You may not realise this, but a visit to the fresh produce aisle or farmers market is almost like a visit to the health spa. Whichever way you turn, you’re face-to-face with delicious ways to improve the health of your skin. Plant-based foods contain nutrients such as polyphenols, carotenoids, and select vitamins, typically missing from items in other food categories. They can provide an array of bioactive compounds that working either alone or together may afford protection for the skin.

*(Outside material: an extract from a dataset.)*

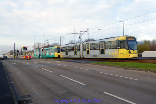 With reduced services running on most lines (although some lines have seen an improved frequency) the number of double trams in operation has increased to allow for increased social distancing. This has led to some lines which very rarely saw doubles running being more used to this and the Ashton line has not been immune to that as seen in today’s photo.

Here are some of Costhetics staff picks:

  • Edamame – The role of plant-based foods for good health, in general, and skin health in particular, is getting lots of attention these days. Soybeans, tofu, and edamame are prized for their nutritional value and have been shown to decrease the appearance of fine wrinkles, increase skin hydration, and improve elasticity.
  • Almonds – Just a small serving of protein-rich almonds will give you 25% of your day’s riboflavin and 6% of your day’s niacin. That’s healthy. Almonds are also a good source of linoleic acid which helps to prevent skin dryness, as well as copper, which can impact skin pigmentation. At just under 60 calories per 10 grams they’re a great grab-and-go skin treatment.
  • Kiwifruit – You can support skin health and the good folks of New Zealand by including more kiwifruit in your diet. These sweet little handfuls are loaded with Vitamin C, a powerful antioxidant useful in stimulating collagen production.
  • Pomegranates – They may be tough to get at, but cheerful red pomegranate seeds are rich in polyphenols. Polyphenols work with your body to reduce inflammation, protect you from the sun, and maintain the structural integrity of your skin.
  • Mangoes – Sweet, sloppy mangoes are dripping with more than juice. Mango has over a dozen different types of polyphenols, including mangiferin. It is a super-hero at preventing free radical damage to the skin. Note to dieters: one mango may contain as many as 46 grams of sugar, so save them for treat time.


DNA Testing

Your nutrigenomic profile can be determined through DNA testing. A simple mouth swab can be sent to a lab which can analyse it for more than 70 different genes. The results can be used to develop a health and beauty nutrition program based on key factors including your:

  • Genetic status
  • Phenotypic status (observable characteristics related to genetics)
  • Nutritional status
  • Medical status
  • Lifestyle choices

Costhetics knows there’s no one like you, and now you understand why a one-size-fits-all approach to skin ageing may not be a good fit for you. A personalised nutrition approach to skin beauty allows skin therapists to drill down on what works best for patients rather than using a trial-and-error approach.